+++ PROVIDED RECORDS +++
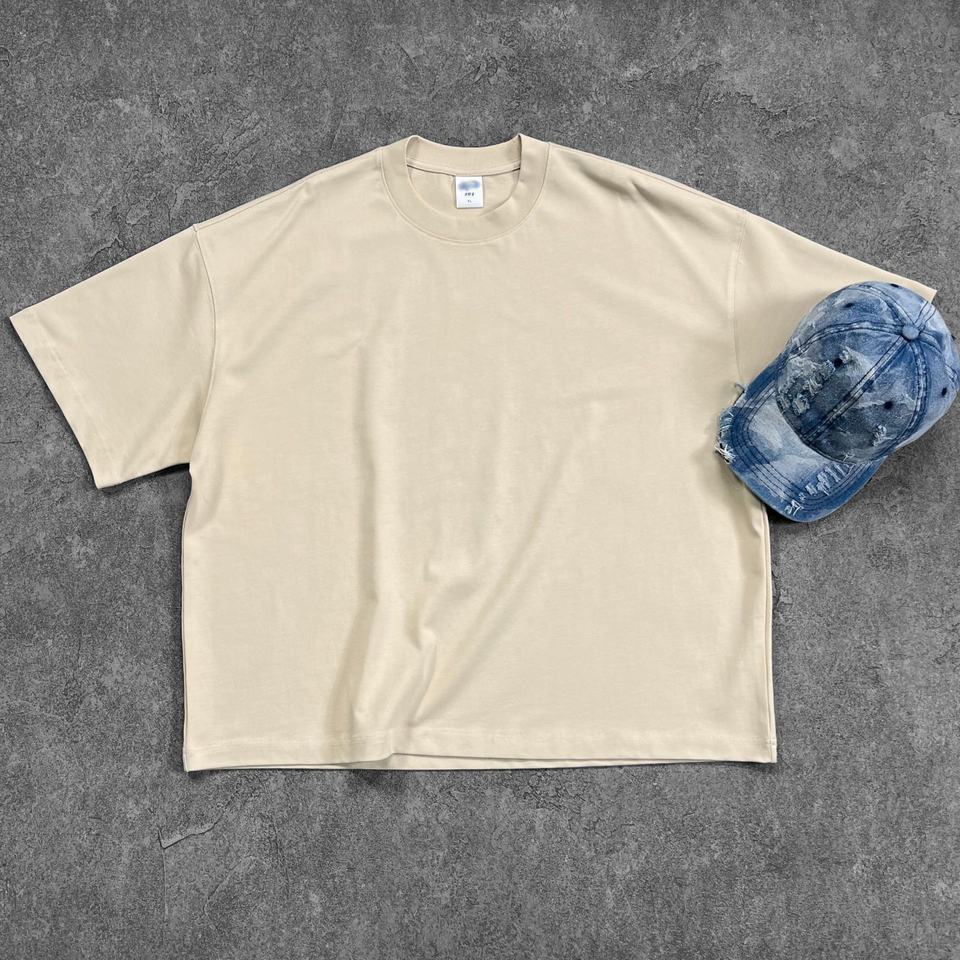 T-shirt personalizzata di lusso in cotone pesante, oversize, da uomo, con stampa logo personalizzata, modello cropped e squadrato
+++
+++ PROVIDED RECORDS +++
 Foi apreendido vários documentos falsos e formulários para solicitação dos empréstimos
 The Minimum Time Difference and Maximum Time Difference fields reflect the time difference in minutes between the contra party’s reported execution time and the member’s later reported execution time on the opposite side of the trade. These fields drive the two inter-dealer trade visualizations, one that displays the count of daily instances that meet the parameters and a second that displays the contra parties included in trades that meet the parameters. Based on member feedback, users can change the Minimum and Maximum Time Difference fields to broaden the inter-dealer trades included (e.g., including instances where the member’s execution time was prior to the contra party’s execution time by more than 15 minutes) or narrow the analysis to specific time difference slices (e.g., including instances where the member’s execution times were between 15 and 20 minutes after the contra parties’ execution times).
+++
**EXERCISE OBJECTIVE**
Using only the entries above, output the line with "Foi apreendido vários", the line with "The Minimum Time", and all lines between them, exactly as they stand.

**RESPONSE TO THIS EXERCISE**
 Foi apreendido vários documentos falsos e formulários para solicitação dos empréstimos
 The Minimum Time Difference and Maximum Time Difference fields reflect the time difference in minutes between the contra party’s reported execution time and the member’s later reported execution time on the opposite side of the trade. These fields drive the two inter-dealer trade visualizations, one that displays the count of daily instances that meet the parameters and a second that displays the contra parties included in trades that meet the parameters. Based on member feedback, users can change the Minimum and Maximum Time Difference fields to broaden the inter-dealer trades included (e.g., including instances where the member’s execution time was prior to the contra party’s execution time by more than 15 minutes) or narrow the analysis to specific time difference slices (e.g., including instances where the member’s execution times were between 15 and 20 minutes after the contra parties’ execution times).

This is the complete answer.